Data for this exercise section start

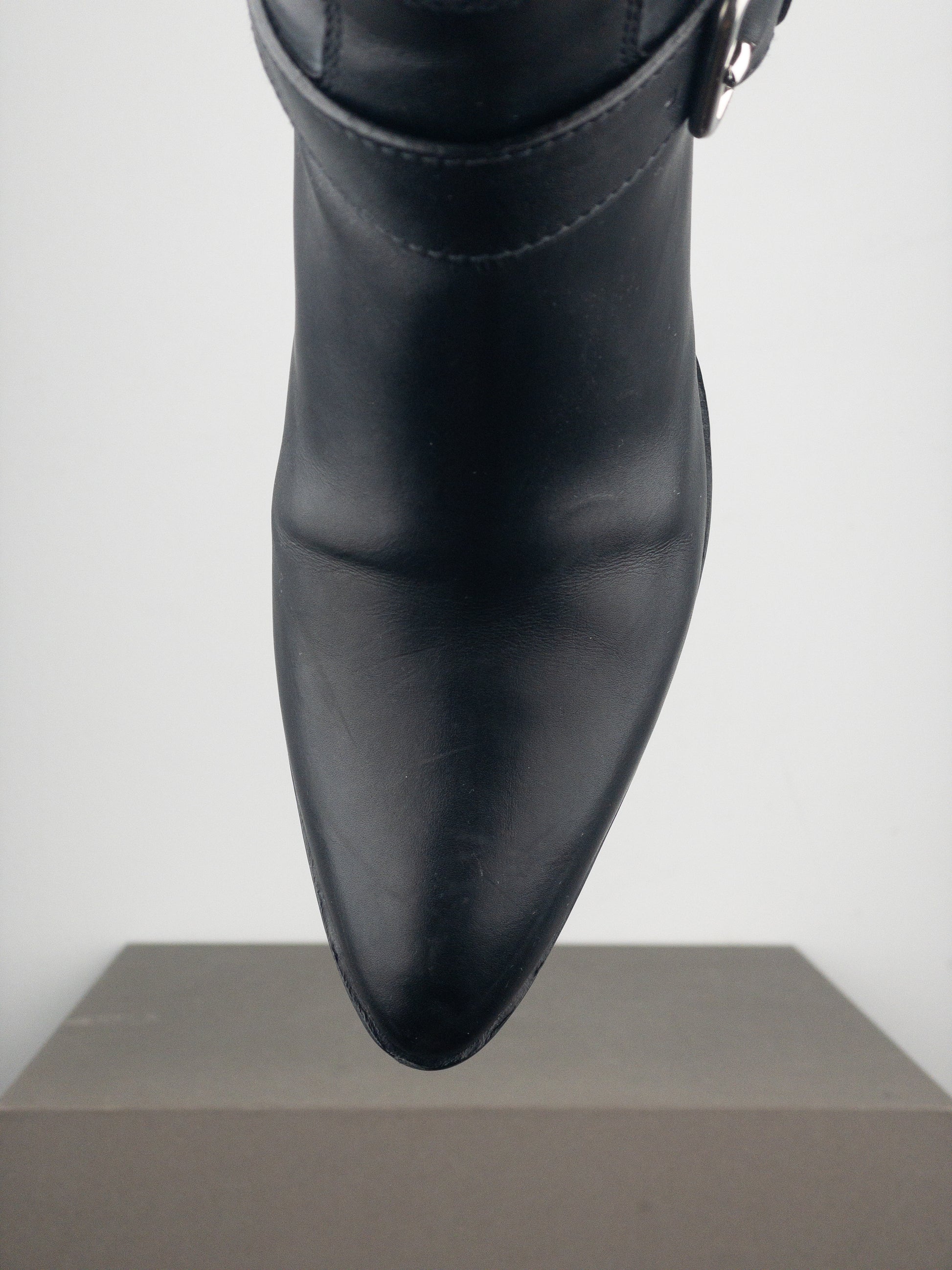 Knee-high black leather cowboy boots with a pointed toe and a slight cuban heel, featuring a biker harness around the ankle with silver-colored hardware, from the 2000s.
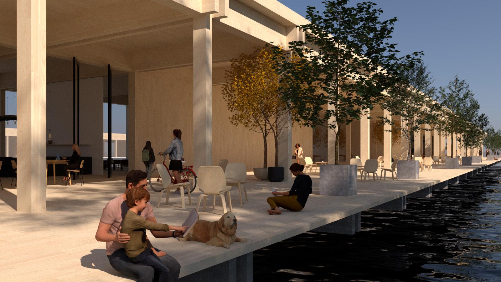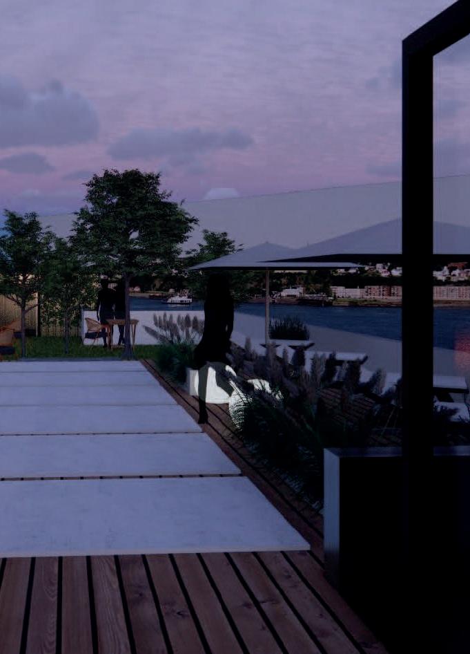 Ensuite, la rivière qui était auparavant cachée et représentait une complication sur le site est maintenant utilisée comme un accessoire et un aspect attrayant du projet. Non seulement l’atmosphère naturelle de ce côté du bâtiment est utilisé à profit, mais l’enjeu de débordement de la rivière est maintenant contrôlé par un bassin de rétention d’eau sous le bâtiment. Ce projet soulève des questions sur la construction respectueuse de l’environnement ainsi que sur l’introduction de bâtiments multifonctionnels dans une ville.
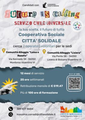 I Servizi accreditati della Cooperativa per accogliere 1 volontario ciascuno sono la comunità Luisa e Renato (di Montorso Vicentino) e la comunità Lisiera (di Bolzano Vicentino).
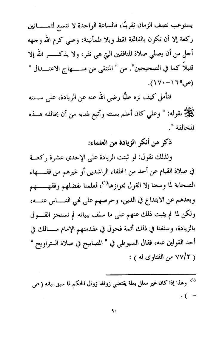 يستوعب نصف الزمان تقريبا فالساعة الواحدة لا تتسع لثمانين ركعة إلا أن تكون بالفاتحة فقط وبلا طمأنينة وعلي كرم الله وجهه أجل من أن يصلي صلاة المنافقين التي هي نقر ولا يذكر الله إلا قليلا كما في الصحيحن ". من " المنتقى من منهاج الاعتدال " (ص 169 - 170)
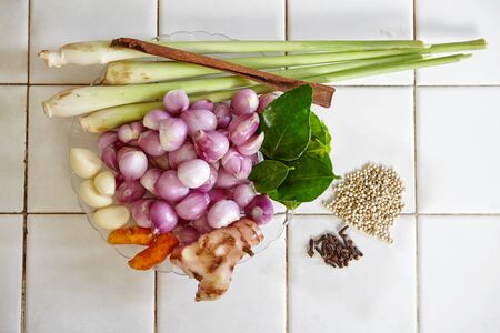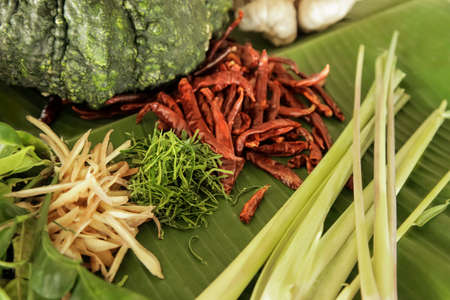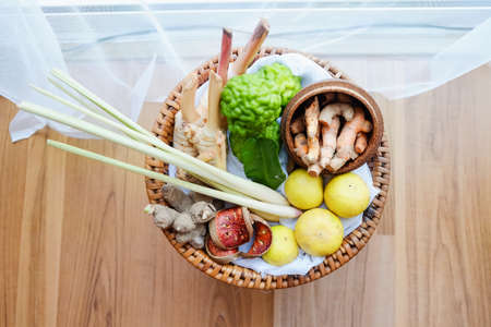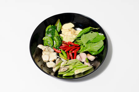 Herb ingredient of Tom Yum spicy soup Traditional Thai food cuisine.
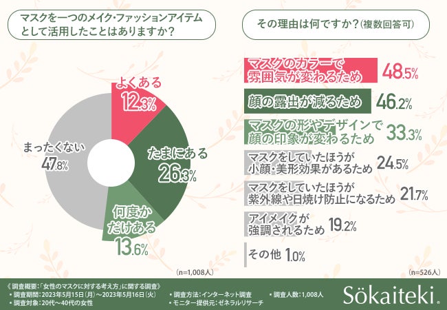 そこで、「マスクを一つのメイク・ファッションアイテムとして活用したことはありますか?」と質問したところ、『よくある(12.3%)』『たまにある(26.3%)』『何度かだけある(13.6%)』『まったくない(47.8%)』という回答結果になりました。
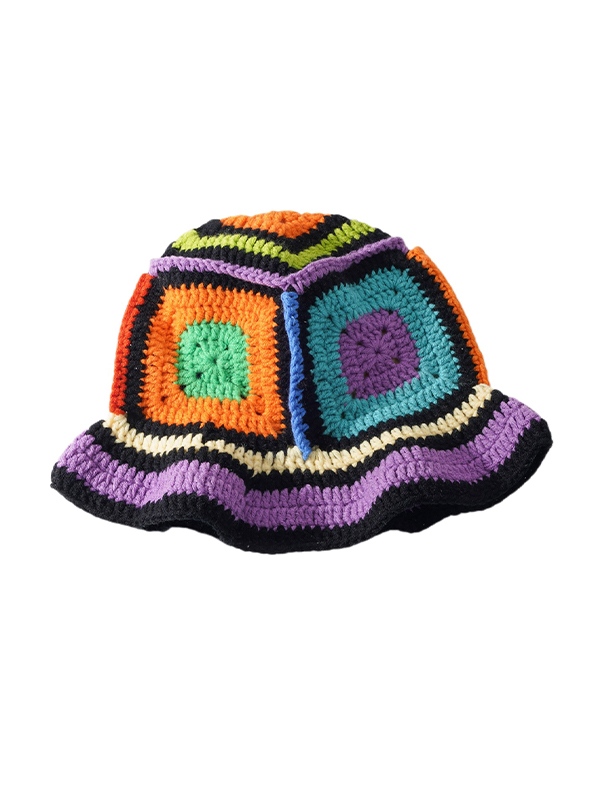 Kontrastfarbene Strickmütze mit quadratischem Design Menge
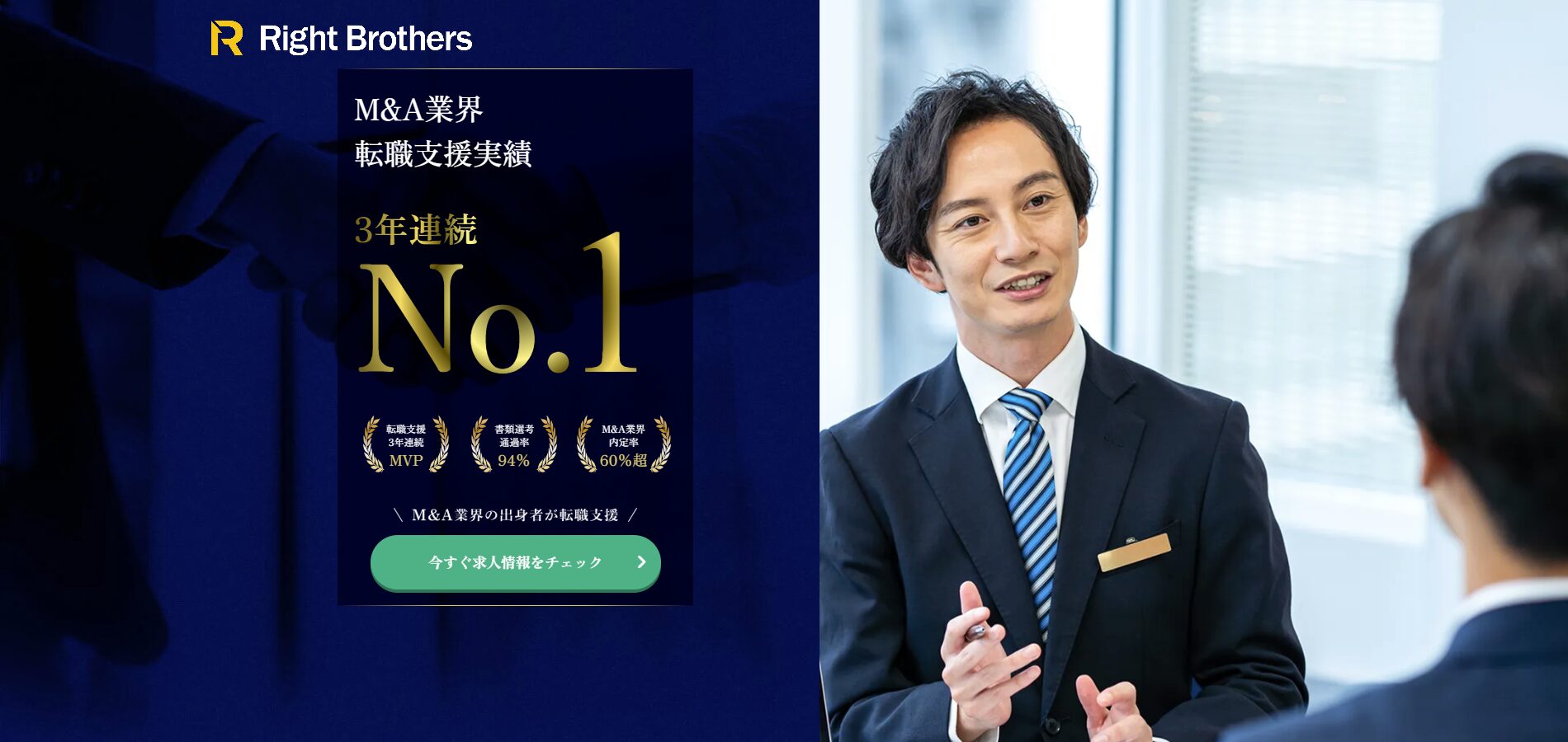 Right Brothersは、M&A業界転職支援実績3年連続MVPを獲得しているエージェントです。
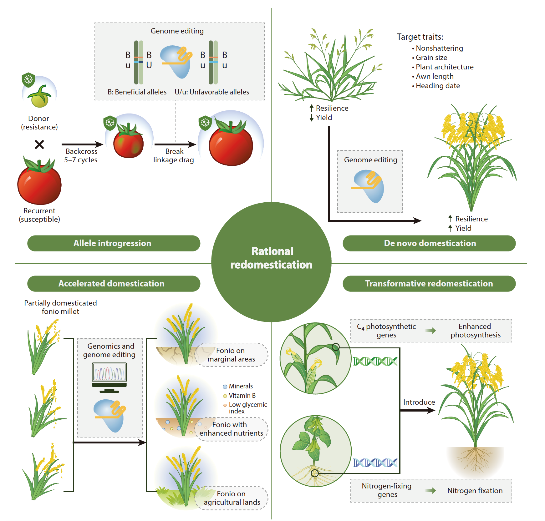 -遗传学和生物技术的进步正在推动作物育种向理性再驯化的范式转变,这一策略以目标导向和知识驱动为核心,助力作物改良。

Data for this exercise section end

__Exercise goal__: The required output is the span of lines from the line with "يستوعب نصف الزمان" through the final line of the listing above, reproduced exactly, minus the pictures.

__Result of this exercise__:
 يستوعب نصف الزمان تقريبا فالساعة الواحدة لا تتسع لثمانين ركعة إلا أن تكون بالفاتحة فقط وبلا طمأنينة وعلي كرم الله وجهه أجل من أن يصلي صلاة المنافقين التي هي نقر ولا يذكر الله إلا قليلا كما في الصحيحن ". من " المنتقى من منهاج الاعتدال " (ص 169 - 170)
 Herb ingredient of Tom Yum spicy soup Traditional Thai food cuisine.
 そこで、「マスクを一つのメイク・ファッションアイテムとして活用したことはありますか?」と質問したところ、『よくある(12.3%)』『たまにある(26.3%)』『何度かだけある(13.6%)』『まったくない(47.8%)』という回答結果になりました。
 Kontrastfarbene Strickmütze mit quadratischem Design Menge
 Right Brothersは、M&A業界転職支援実績3年連続MVPを獲得しているエージェントです。
 -遗传学和生物技术的进步正在推动作物育种向理性再驯化的范式转变,这一策略以目标导向和知识驱动为核心,助力作物改良。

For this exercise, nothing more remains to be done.